Decision: Leave it running if the workload can tolerate it. If production is suffering, throttle via tunables (platform-dependent) or run off-hours next time.
Task 3: Stop a scrub (because you like your latency)
cr0x@server:~$ sudo zpool scrub -s tank
cr0x@server:~$ sudo zpool status tank
pool: tank
state: ONLINE
scan: scrub canceled on Thu Dec 26 01:24:55 2025
512G scanned at 1.02G/s, 0B repaired, 9.24% done
config:
NAME STATE READ WRITE CKSUM
tank ONLINE 0 0 0
mirror-0 ONLINE 0 0 0
sda ONLINE 0 0 0
sdb ONLINE 0 0 0
errors: No known data errors
Meaning: Scrub stopped. You did not “break” the pool; you just canceled the audit.
Decision: Reschedule scrub for a window where it won’t fight peak I/O. Don’t go six months without one because canceling felt good.

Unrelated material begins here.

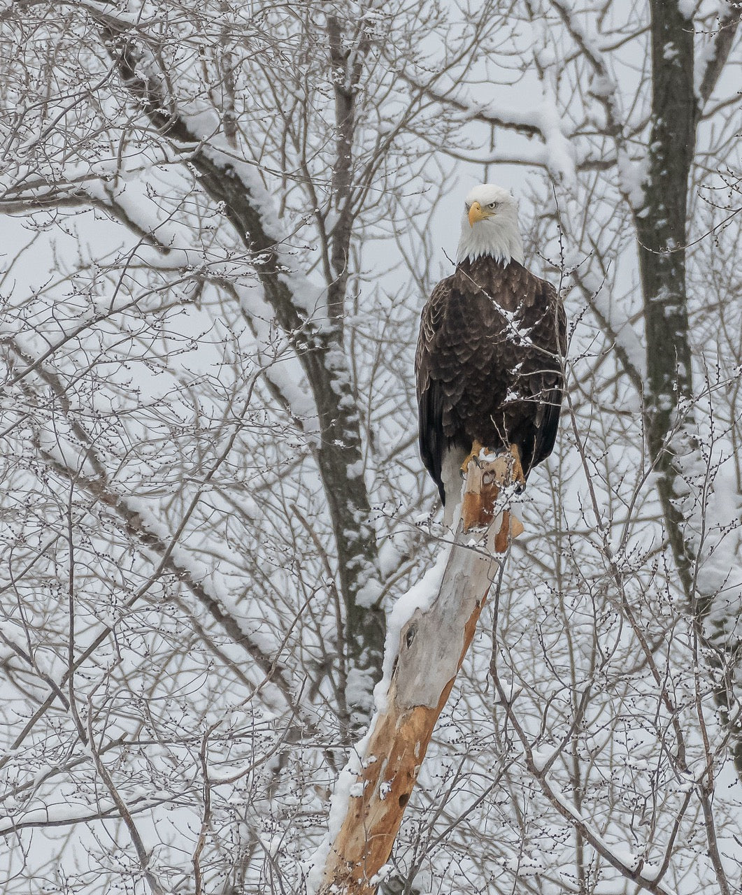 Keywords: Bald eagle, avian, wildlife, nature, photography, bird of prey, deadwood, stump, frost, icy setting, subzero, animal study, contrast, fauna, monochrome effect

Task 4: Identify which device is being resilvered (and why)
cr0x@server:~$ sudo zpool status -P tank
pool: tank
state: DEGRADED
status: One or more devices is currently being resilvered.

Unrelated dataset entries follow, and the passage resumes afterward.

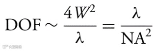 透镜是一种光学元件,它将入射的准直光聚焦到一个焦点上。垂直于镜头测得的距离范围内,光斑保持高度聚焦的距离通常被称为聚焦深度(DOF)。DOF和焦点大小满足如下计算公式:
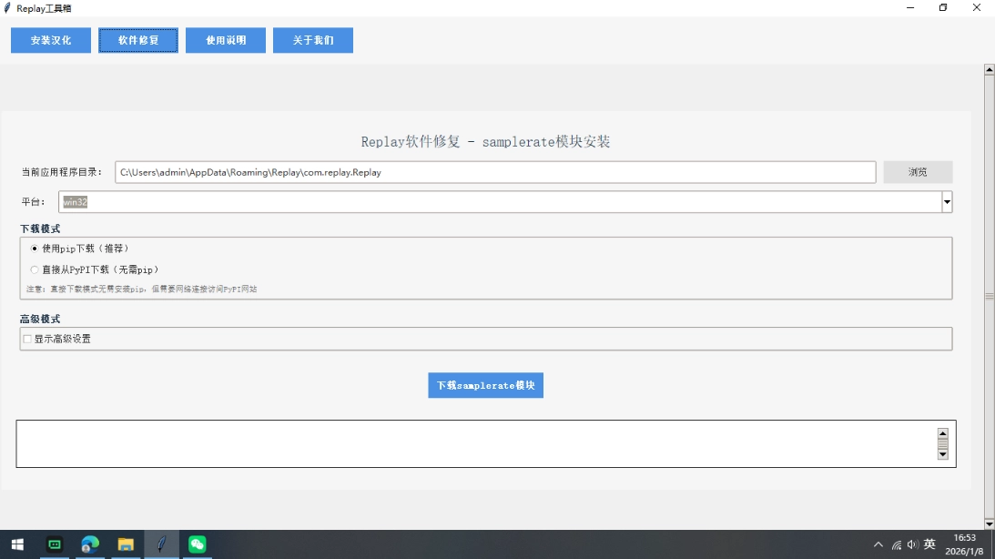 - 智能版本识别:自动检测您安装的Replay软件版本,精准匹配对应汉化资源
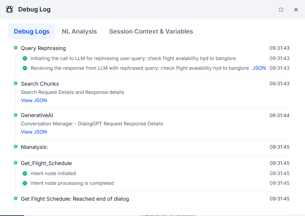 The Debug Logs offer detailed insights into the DialogGPT model's behavior and execution flow. They allow you to observe each step of the DialogGPT process and its outcomes. Logs include complete request and response details for every LLM call, clearly showing what happens at each stage. This information helps understand and analyze the DialogGPT’s decision-making and execution for better debugging and optimization.

scan: resilver in progress since Thu Dec 26 00:41:11 2025
742G resilvered, 13.40% done, 03:46:12 to go
config:
NAME STATE READ WRITE CKSUM
tank DEGRADED 0 0 0
mirror-0 DEGRADED 0 0 0
/dev/disk/by-id/ata-WDC_WD80EFAX_A1A... ONLINE 0 0 0
/dev/disk/by-id/ata-WDC_WD80EFAX_B2B... ONLINE 0 0 0 (resilvering)

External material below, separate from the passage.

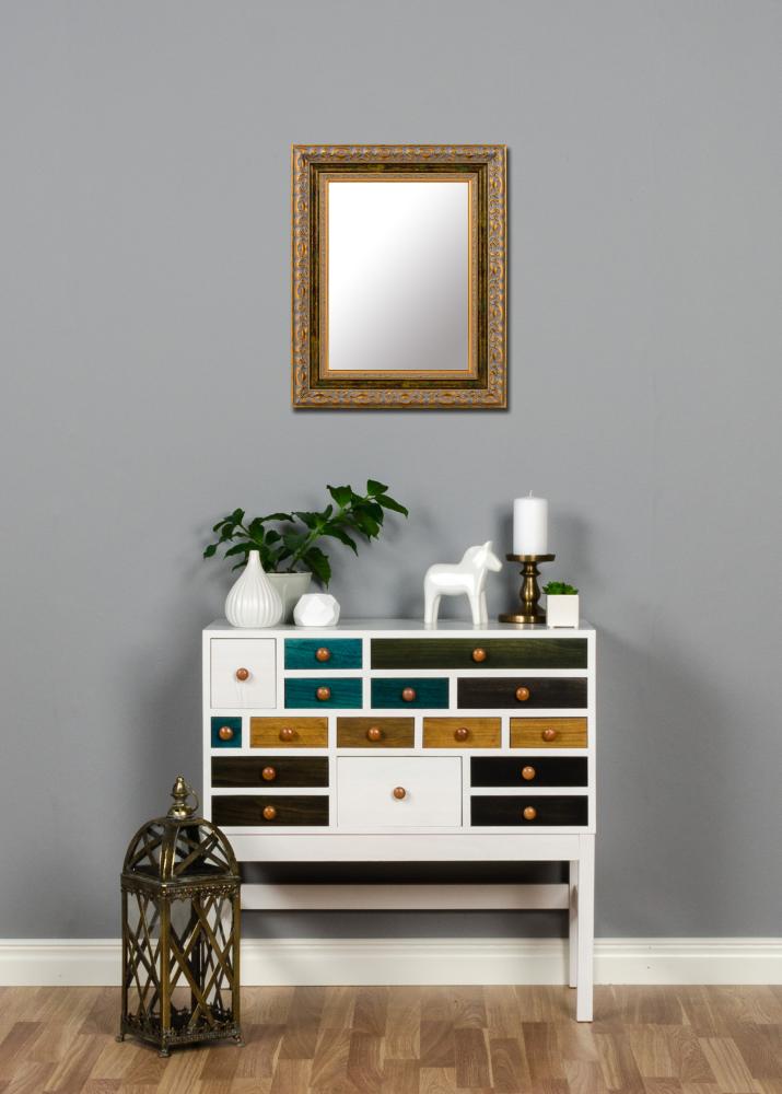 Με τη βοήθεια του σωστού καθρέφτη, μπορείτε να αναδείξετε έναν ολόκληρο τοίχο! Αυτός ο πολυτελής χρυσός καθρέφτης έχει έναν συναρπαστικό σχεδιασμό που προσελκύει την προσοχή. Η ξύλινη κορνίζα μπροστά διαθέτει τόσο μια μεγάλη όσο και μια μικρότερη ταινία με κυριλλικά μοτίβα που διακόπτεται από ένα φθαρμένο τμήμα. Η επιφάνεια είναι επεξεργασμένη για να φαίνεται χαρακτηριστικά παλαιωμένη. Επειδή κατασκευάζεται σύμφωνα με τις διαστάσεις σας, μπορείτε να είστε βέβαιοι ότι θα ταιριάζει ακριβώς εκεί που τη θέλετε!

Meaning: The “(resilvering)” tag tells you the target. -P shows persistent paths, not fragile /dev/sdX names.
Decision: Verify the physical disk matches the by-id path before you pull anything from a chassis. This prevents “wrong disk replaced” disasters.
Task 5: Replace a failed disk correctly
cr0x@server:~$ sudo zpool replace tank /dev/disk/by-id/ata-WDC_WD80EFAX_B2B... /dev/disk/by-id/ata-WDC_WD80EFAX_NEW...
cr0x@server:~$ sudo zpool status tank
pool: tank
state: DEGRADED
scan: resilver in progress since Thu Dec 26 02:03:22 2025
96.4G scanned at 485M/s, 62.1G issued at 313M/s, 5.41T total
62.1G resilvered, 1.15% done, 05:02:10 to go
Meaning: Replacement initiated; resilver starts. “Issued” shows actual reconstruction work.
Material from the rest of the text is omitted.